Updated: May 5, 2008 17:40
New York Times' writers Miguel Helft and Andrew Sorkin consider what the withdrawal of Microsoft's bid for Yahoo could mean for investors in those technology stocks. It is important for investors in other computer-industry shares to learn from Microsoft's mistake.
Takeover bids like this one seem destined for the dustbin almost from the start. After all, two wrongs rarely ever make a right. The potential synergy generated from the combination of Microsoft and Yahoo did not seem to materialize out of laptops carried by Steve Ballmer or Kevin Johnson. Jerry Yang probably never seriously considered the sale of his precocious teenager, Yahoo.
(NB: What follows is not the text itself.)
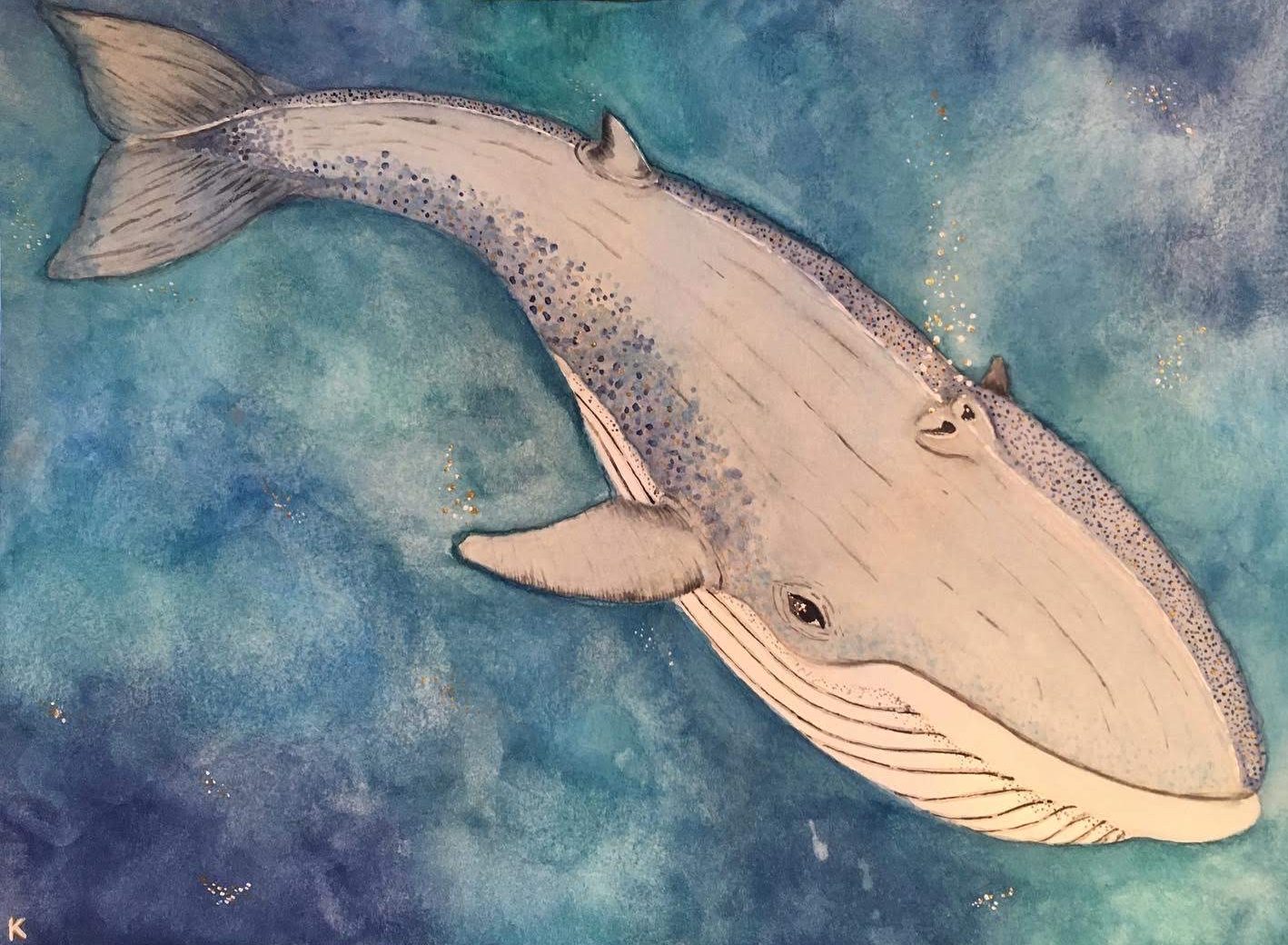 Commissioned watercolor painting of a whale.

A certain number of investors in both technology firms will reduce their share holdings. Tech stock investors however, will not so easily abandon technology investments altogether. Of course a certain percentage will say that Apple, Inc. shares are currently too high priced. The same might be said for Google (GOOG) or Research in Motion (RIMM) share prices. Intel (INTC), IBM (IBM), Oracle (ORCL), or Cisco Systems (CSCO) may attract new investors. Further down the food chain, Broadcom (BRCM) just reported excellent earnings, beating analyst's expectations. Adobe Systems, Inc. (ADBE) is still sailing along on software revenues.
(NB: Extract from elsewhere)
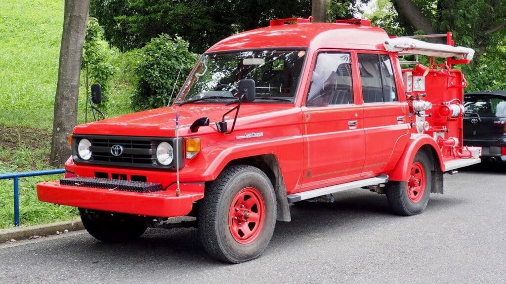 These are, of course, based on serious off road, full size machines. They can carry more fire fighting kit than a kei truck based unit, but they are heavier and larger, so they won’t be able to get into those really tight places where only a minitruck fire truck can save your bacon.

A billion dollars reallocated to other technology shares could start significant momentum in the NASDAQ.
It is about time investors moved out of sleepy Microsoft (MSFT) and Yahoo (YHOO) shares and into businesses demonstrating market prowess with successful new products. The same tired, cluttered Yahoo search or Flickr® web sites, the bloated Vista® operating system, or a Zune® music player are not what investors are seeking in a technology company.
People are buying stylish iPhones®, downloading music and video from the classy looking ITunes® site, and searching the Net using Google. The pace at which computer buyers are choosing Apple laptops and desktop computers is also increasing. Many new Apple customers are naturally switching from Windows. Of course the numbers are small compared to overall market shares but look at the profits Apple makes on sales compared to Dell (DELL) or Hewlett Packard (HPQ). The story is being told in the profit margins moving forward, not the history book entries for Microsoft and Yahoo.
Disclaimer: For years the author has owned shares in many technology firms, including most of those mentioned in this article. His business computers use OS X, UNIX, and various versions of Microsoft Windows, sometimes all at once!